I already have my left knee taped up. At least I haven't dislocated it. Yet. Just strained it. I also have to remember to do my back stretches before I do TB. I have a tendency to not want to stretch my back or extend my back or twist fully, which means I'm not doing the proper movement, which means I'm not getting the full workout from the movement. And ya know ya want the full workout!!! :)
obsessed with my weight...
Ya know, I really need someone to MOTIVATE ME to lose weight. On a regular basis. Someone that's HERE. Not like "you're totally fat, let's go to the gym." ... I don't really know any positive motivation for "let's get movin'". Maybe I should hire a drill sergeant (haven't I said this already? Maybe not). I just hate physical activity. Mostly because physical activity is crap. My knee is weird. Excuses, I know... but I'll let you trade me and then you can walk around for two hours or exercise for 45 minutes. However, I do like swimming. But public pools kinda weird me out. So yea to that.

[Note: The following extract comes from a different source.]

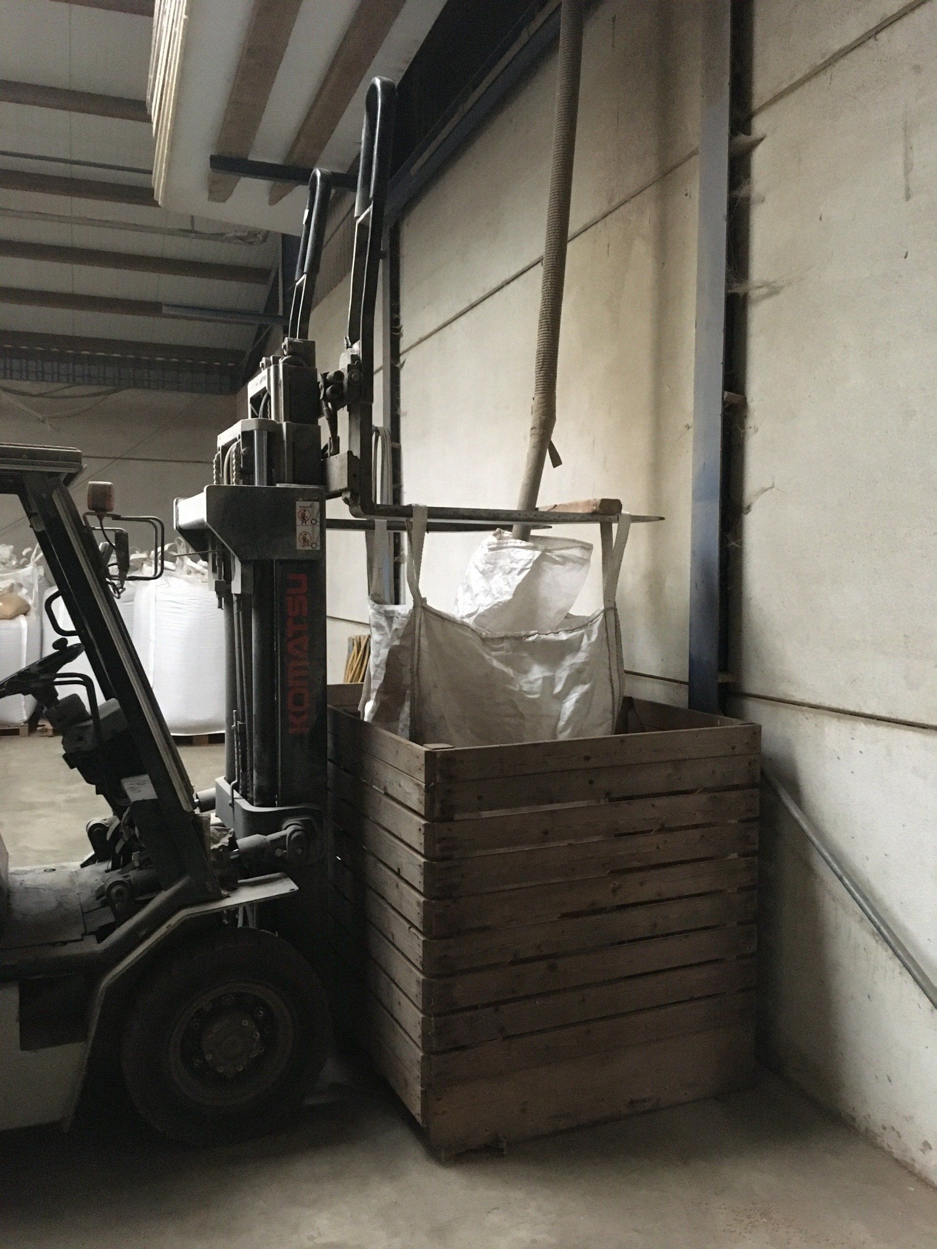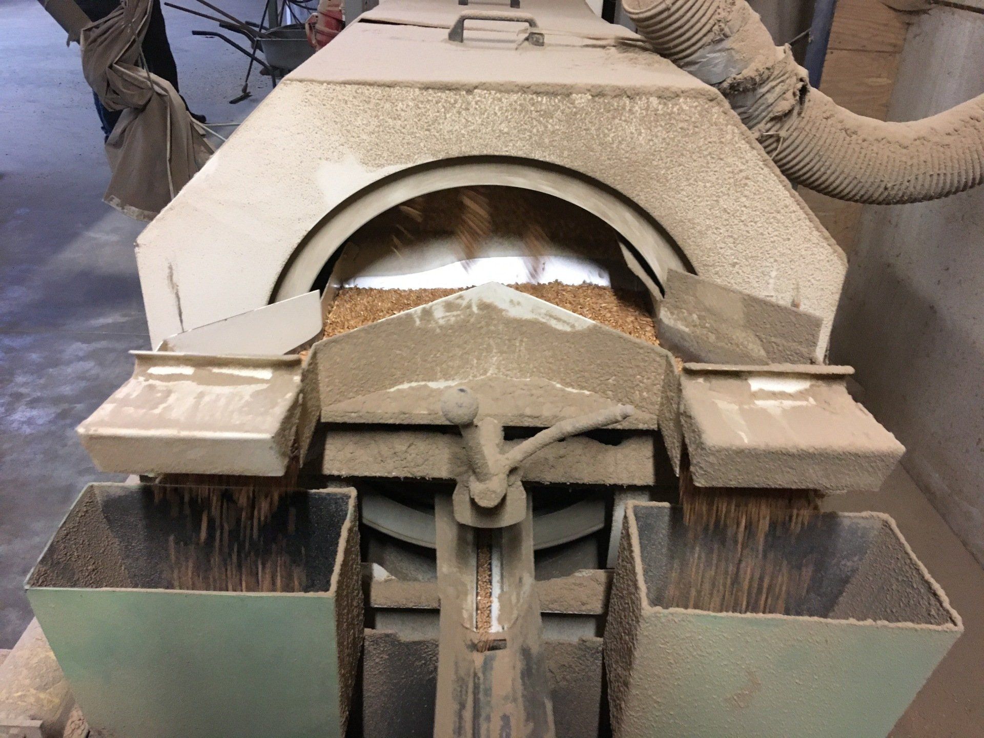 Na elke nieuwe oogst dient het graan "geschoond" te worden zodat alleen de zuivere graankorrel overblijft. Voor spelt rijden we naar Geleen, waar één van de twee fabrieken in Nederland staat die dat kan. Van de 1240 kg waarmee we begonnen bleef uiteindelijk 830 kg over, een verschil van 410 kg!!

I think I don't want to be motivated. I like to do things on my own. I'm an on-my-own type of person. If I can't do it myself, I really don't want to do it at all. That's not the case in the real world, but whatever. Also, I'm so antisocial that when I get around someone that I really DO connect with, I practically kill myself to be completely available for them when there's even a hint of a chance that they'll be around.
I'm weird.
You know what... every time I say or think something bad about myself, another minute on the elliptical runner. You know how much I hate running, though it's easier on the elliptical. :P
random thoughts of the future
Okay, this seems weird... but there's 7.5 months left until my spring break. I actually want to GO somewhere. I don't really care with whom, or to where, or any of that crap. I just wanna experience some FUN during college!
This means going to the gym more often. Well, let's start small... twice a week with Sheryll won't kill me for now. :) Also, borrowing my dad's Tae Bo DVD would be a good idea. I'm sure he's done with it. I'll ask, to be nice.
... I don't really know why I've been posting a lot lately. I think it's just the fall season that gets my brain into gear. I feel more productive at work, too. Turns out I've had tasks to do this whole time... the engineer that assigned them to me just EMAILED them to me all week (as opposed to telling me; easier on both parties for big chains of info from other companies), but I just got my work email set-up again today.
Happy birthday Trey (the 3rd) and Bridg (the 4th)!!! :) [Since I will be in the ATL this weekend, I won't be able to tell joyous stories about their respective days of birth.]